*** Block opens ***
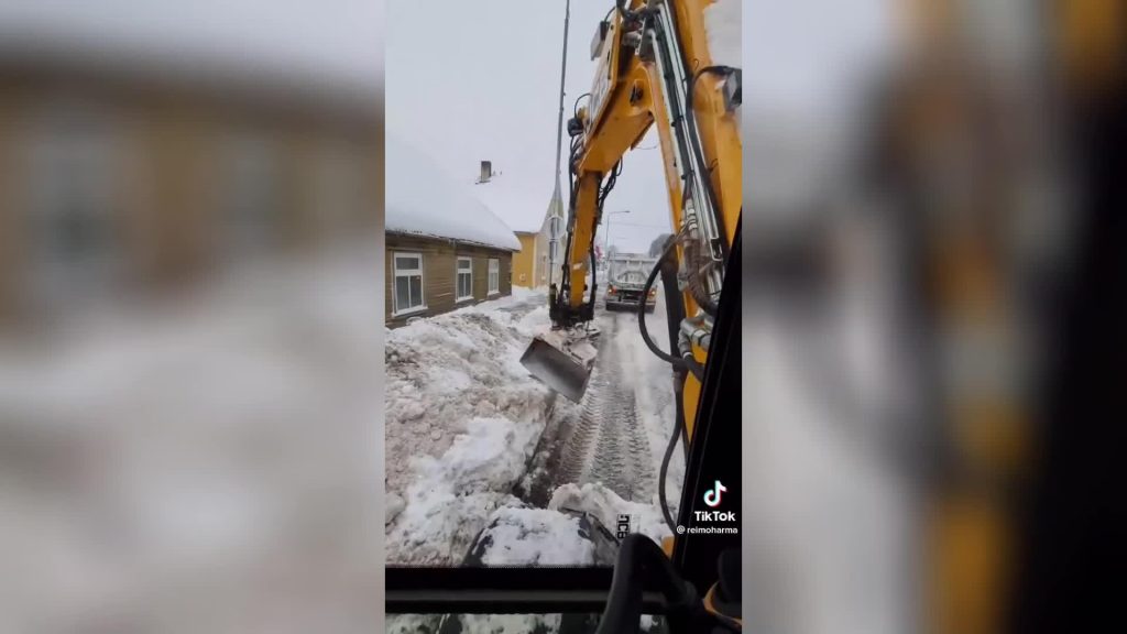 Vietnē “TikTok” video publicējis lietotājs ar vārdu reimoharma. Tajos redzams, kā ar ekskavatoru no ietvēm un ceļa tiek nošķūrēts sniegs.
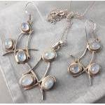 A small silver lot - to include 3 silver brooches and 1 other gilt one. A very pretty hard stone silver pendant on a silver chain with matching silver earrings
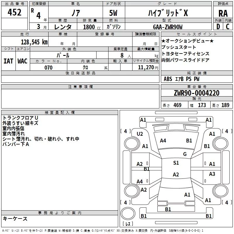 Toyota NOAH с аукциона Японии TAA Yokohama лот № 452
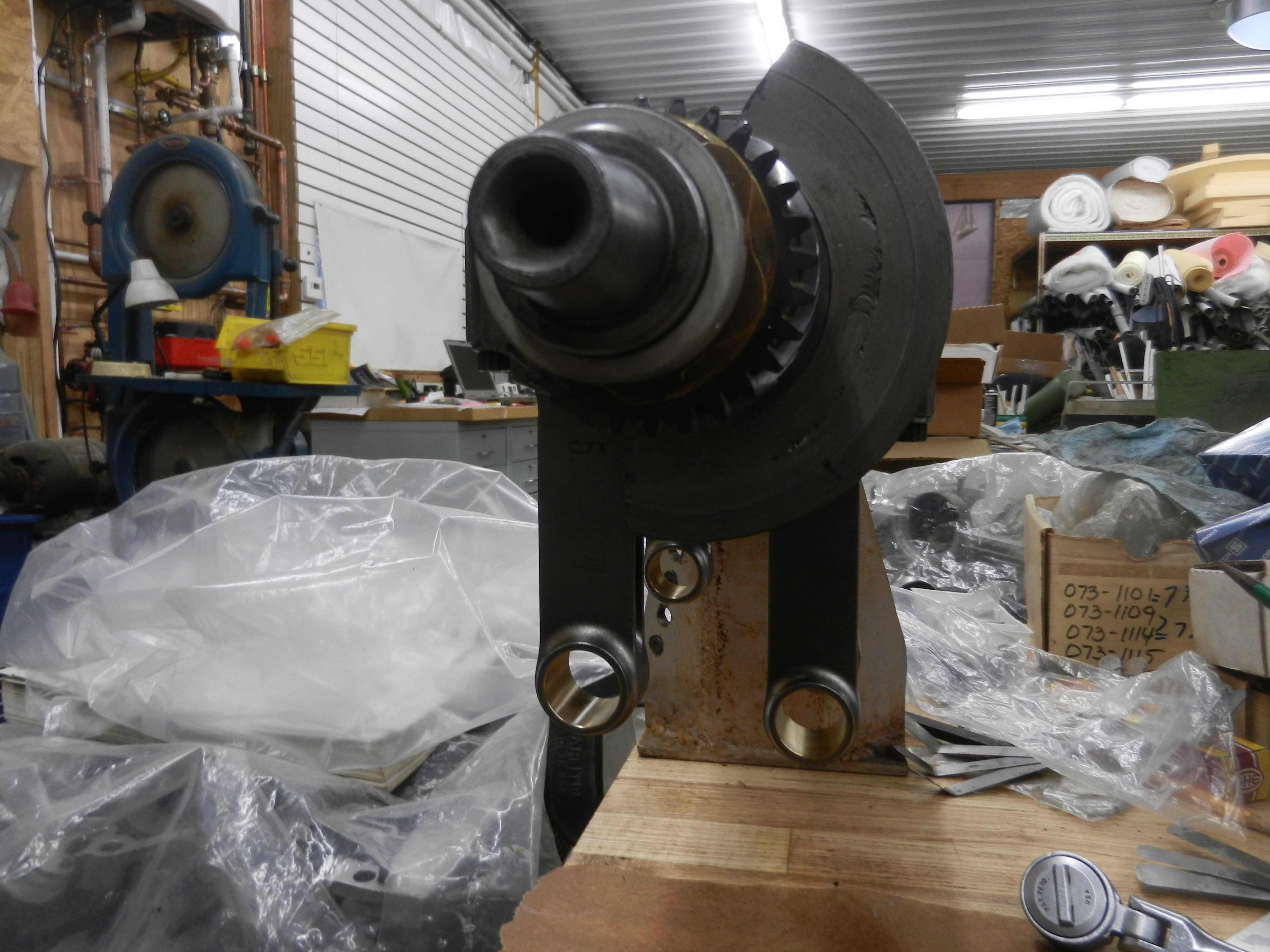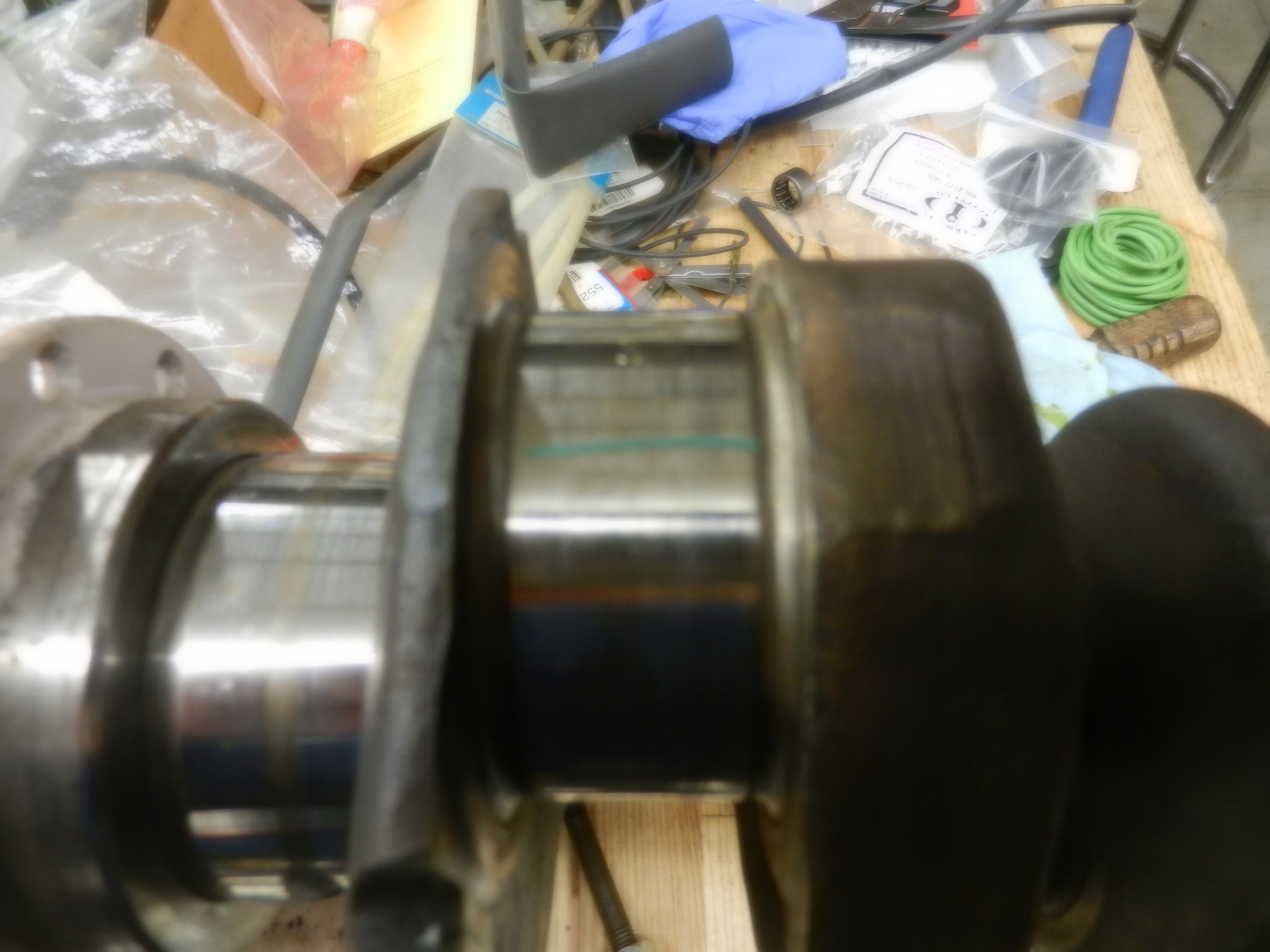 First, install the #2 bearing halves in both case halves. wipe the bearing saddle and the bearing clean.Again. Being sure to align the dowel hole in the bearing with the dowels in the bearing saddle. A little assembly lube on #4 and #1 crank journals, we did #3 when we installed the gears. This is where the marks we put on #1 and #4 bearings come in. install #1 and #4 bearings, again be certain that the dowel holes in the bearing are offset towards the flywheel end of the crank. Holding the crank assembly by the #1 and #2 rods, and trying to keep the crank parallel withe the case, slowly set the assembly in the case bearing saddles. This is where a second set of hands would be really helpful, as we are trying to get the 3 bearings aligned with the dowel holes and dowels, and every thing is moving. A 3rd person would help to take photos
*** Block closes ***
> **Brief**: Write out the data above exactly as it appears, but without any image.

> **Task solution**:
 Vietnē “TikTok” video publicējis lietotājs ar vārdu reimoharma. Tajos redzams, kā ar ekskavatoru no ietvēm un ceļa tiek nošķūrēts sniegs.
 A small silver lot - to include 3 silver brooches and 1 other gilt one. A very pretty hard stone silver pendant on a silver chain with matching silver earrings
 Toyota NOAH с аукциона Японии TAA Yokohama лот № 452
 First, install the #2 bearing halves in both case halves. wipe the bearing saddle and the bearing clean.Again. Being sure to align the dowel hole in the bearing with the dowels in the bearing saddle. A little assembly lube on #4 and #1 crank journals, we did #3 when we installed the gears. This is where the marks we put on #1 and #4 bearings come in. install #1 and #4 bearings, again be certain that the dowel holes in the bearing are offset towards the flywheel end of the crank. Holding the crank assembly by the #1 and #2 rods, and trying to keep the crank parallel withe the case, slowly set the assembly in the case bearing saddles. This is where a second set of hands would be really helpful, as we are trying to get the 3 bearings aligned with the dowel holes and dowels, and every thing is moving. A 3rd person would help to take photos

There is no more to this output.